A slender, soft-spoken young man with wiry brown hair and a narrow face, Hassan wears jeans, a brown T-shirt, and delicate, metal-framed glasses.

He has the intense, slightly uncertain demeanor of a university intellectual - hunching his shoulders and crossing his legs, he smokes a lot and fidgets endlessly with a ring on his right hand as he speaks.

During a two-hour meeting in the leafy garden of a private home in Ramallah, Hassan is gentle-humored in his explanations of the theology and logistics of suicide bombing.

Martyrdom-seekers, as they consider themselves, reject any notion that their actions constitute suicide, which is forbidden by the Koran. Hassan says candidates are chosen for their piety and sincerity; anyone who seems troubled or suicidal is screened out.

The proper motive is to take jihad - a holy war to defend or promote Islam - to the extreme. Those preparing for an operation, Hassan says, spend much of their time in prayer in an attempt to separate themselves mentally from the world as they know it.

They see jihad as a "pillar" of Islam, an obligation. "As long as people occupy Muslim land," Hassan adds, "that obligation remains." Hassan is a member of Islamic Jihad, a militant group that advocates the eradication of Israel.

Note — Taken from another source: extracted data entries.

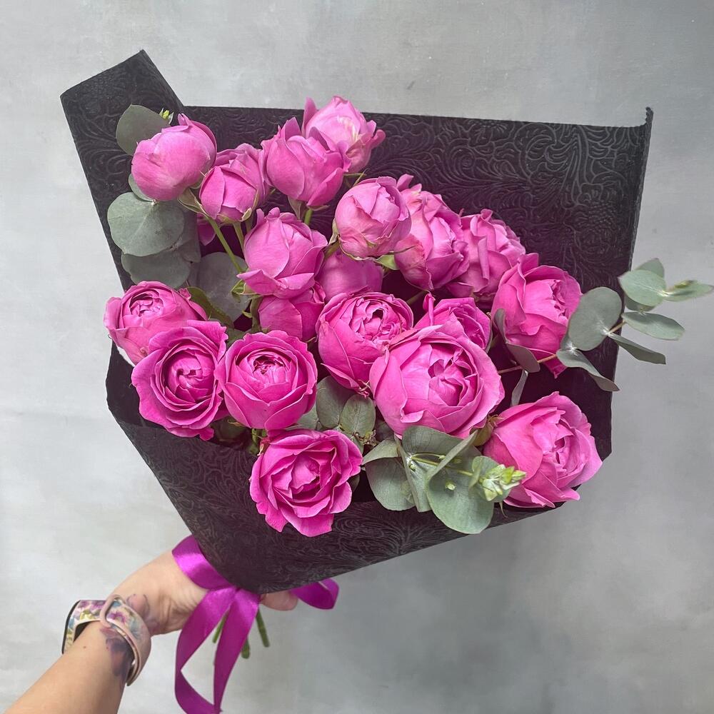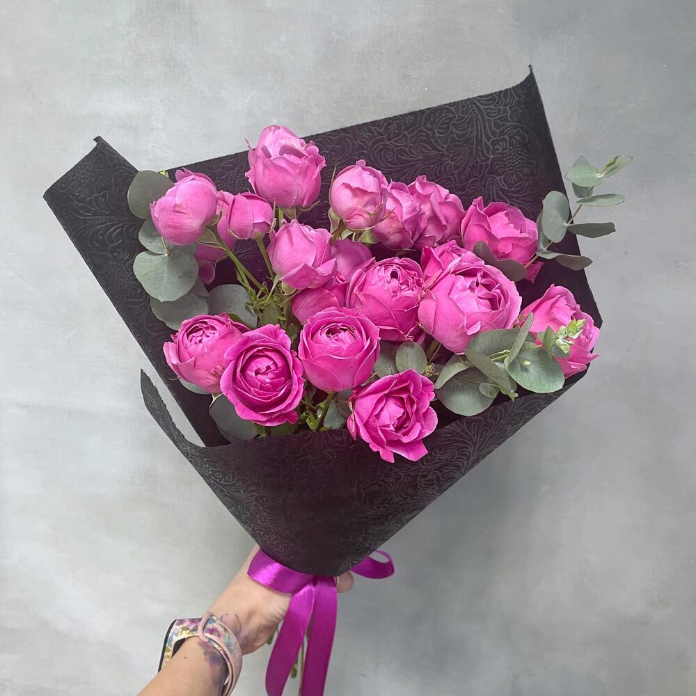 Роза кустовая пионовидная – 5 шт.Эвкалипт ценарея – 3 шт.Упаковка дизайнерская – 1 шт.
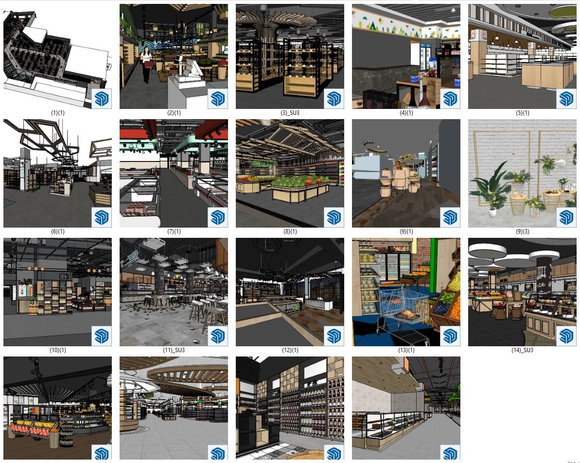 This 3D scene showcases a modern shopping mall with detailed architecture and interior design. The scene features a spacious layout with various shops and stores, creating a vibrant and bustling commercial environment. Perfect for architectural visualization and interior design projects.
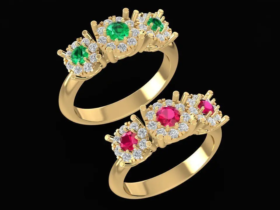 This 3D jewelry model features a luxury crown-style gemstone couple ring design. The rings are beautifully crafted with two center stones in vivid colors (green and red), surrounded by multiple accent diamonds for extra brilliance. The crown motif represents elegance and royalty, making this design suitable for couples, engagements, or as a statement fashion ring.
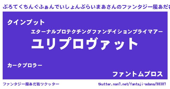 | 料理風あだ名 | 『ぷろてくちんぐふぁんでいしょんぷらいまあごはん』 |

Would-be bombers are always free to step back, even during the final moments of their missions, Hassan insists.

"It is written in the Koran that the hearts of believers are in the hands of God," he says. "He can make them change their minds, so the choice is always wide open."

The bombers typically are not members of Islamic Jihad's secretive "military wing," which is known as the Jerusalem Brigades. They are part of a corps of pious volunteers who implement a bombing's final phase.

Members of the military wing handle just about everything else involved in suicide operations. Some specialize in assembling the combination of explosives and nails that most bombers employ, others in defining targets, still others in penetrating Israeli security and bringing the bomber close to a target site.